Leissner P, Verjat T, Bachelot T, Paye M, Krause A, Puisieux A et al.. Prognostic significance of urokinase plasminogen activator and plasminogen activator inhibitor-1 mRNA expression in lymph node- and hormone receptor-positive breast cancer. BMC Cancer 6: 216

Centre Léon Bérard, Lyons, Rhône-Alpes, France
BMC Cancer (Impact Factor: 3.36). 08/2006; 6(1):216. DOI: 10.1186/1471-2407-6-216
Source: PubMed


One of the most thoroughly studied systems in relation to its prognostic relevance in patients with breast cancer, is the plasminogen activation system that comprises of, among others, the urokinase Plasminogen Activator (uPA) and its main inhibitor, the Plasminogen Activator Inhibitor-1 (PAI-1). In this study, we investigated the prognostic value of uPA and PAI-1 at the mRNA level in lymph node- and hormone receptor-positive breast cancer.

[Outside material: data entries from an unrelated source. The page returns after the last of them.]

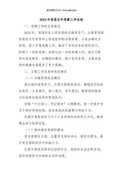 / 【七哥公文】2024年:2024年党委全年党建工作总结+更多免费公文+VX:QiGeGongWen2024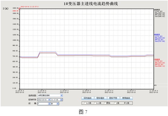 4.4趨勢曲線:Acrel-2000電力監控係統提供了實時曲線和曆史趨勢兩種曲線的分析界麵,通過調用回路實時曲線界麵分析該回路的負荷運行狀況;如ru通tong過guo調tiao用yong某mou配pei出chu回hui路lu的de實shi時shi曲qu線xian可ke分fen析xi該gai回hui路lu的de電dian氣qi設she備bei所suo引yin起qi的de信xin號hao波bo動dong情qing況kuang。係xi統tong的de曆li史shi趨qu勢shi即ji係xi統tong對dui所suo有you已yi存cun儲chu數shu據ju均jun可ke查zha看kan其qi曆li史shi趨qu勢shi,方fang便bian工gong程cheng人ren員yuan對dui監jian測ce的de配pei電dian網wang絡luo進jin行xing質zhi量liang分fen析xi,如ru下xia圖tu7所示: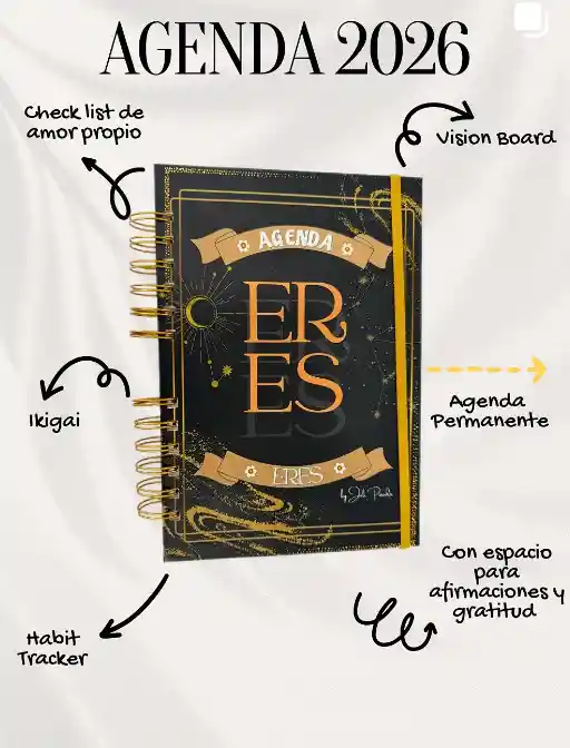 Más que una agenda, es una herramienta para conectar contigo, con tu propósito y con la mujer que estás construyendo cada día 💕 Disponible en dos colores hermosos, su contenido está pensado para acompañarte en tu crecimiento personal y en tu proceso de organización consciente: 💖 Checklist de amor propio 🌈 Vision board 🎯 Plan de metas 🌸 Ikigai (tu propósito de vida) 📆 Habit tracker 💌 Carta de fin de año 💫 Espacio para afirmaciones y gratitud 📅 Planeadores mensuales Además, es una agenda permanente, sin fecha, para que empieces cuando quieras… porque nunca es tarde para comenzar a escribir tu nueva historia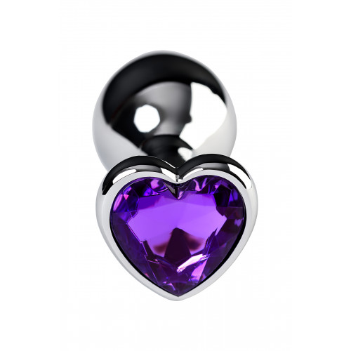 Серебристая анальная втулка из легкого сплава ощутима по форме, но комфортна по весу. Страз в форме сердечка цвета аметист украсит ваши игры. Вес 165 гр.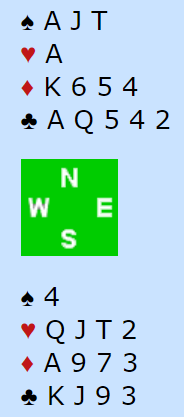 19 hp med to gode minorfarger kunne reverseres, så jeg åpnet med 1 kløver og etter pass fra Mosby svarte Marthinussen 1 hjerter på dette: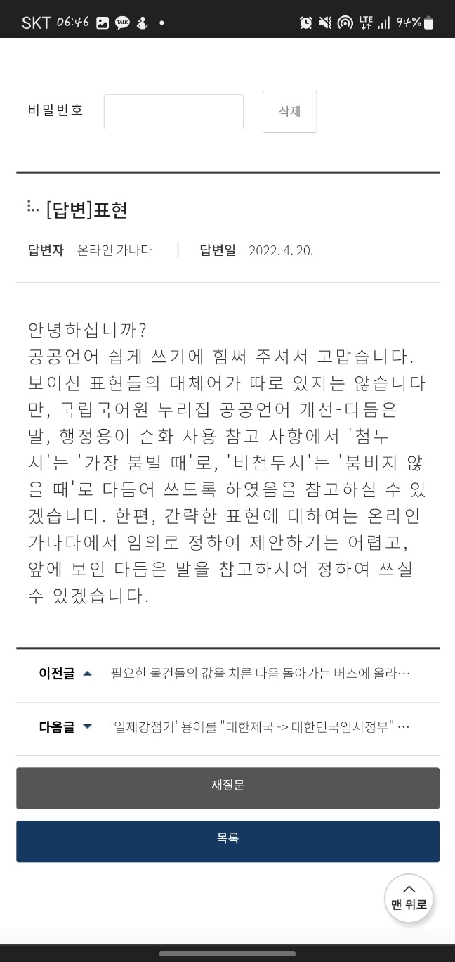 (아니, 국립국어원에서도 이렇게 이야기 하고 있는데, 관공서에서 "가장 붐빌때" 혹은 "출퇴근 시간"이라고 써 주면 안됩니까??ㅎㅎ"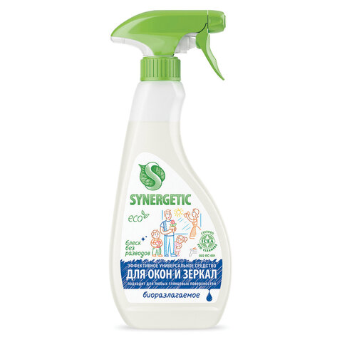 Средство для мытья стекол и зеркал с антибактериальным эффектом 500 мл SYNERGETIC, биоразлагаемое, распылитель, 39027, 107052

The study included a retrospective series of 87 patients with hormone-receptor positive and axillary lymph node-positive breast cancer. All patients received radiotherapy, adjuvant anthracycline-based chemotherapy and five years of tamoxifen treatment. The median patient age was 54 and the median follow-up time was 79 months. Distant relapse occurred in 30 patients and 22 patients died from breast cancer during follow-up. We investigated the prognostic value of uPA and PAI-1 at the mRNA level as measured by real-time quantitative RT-PCR.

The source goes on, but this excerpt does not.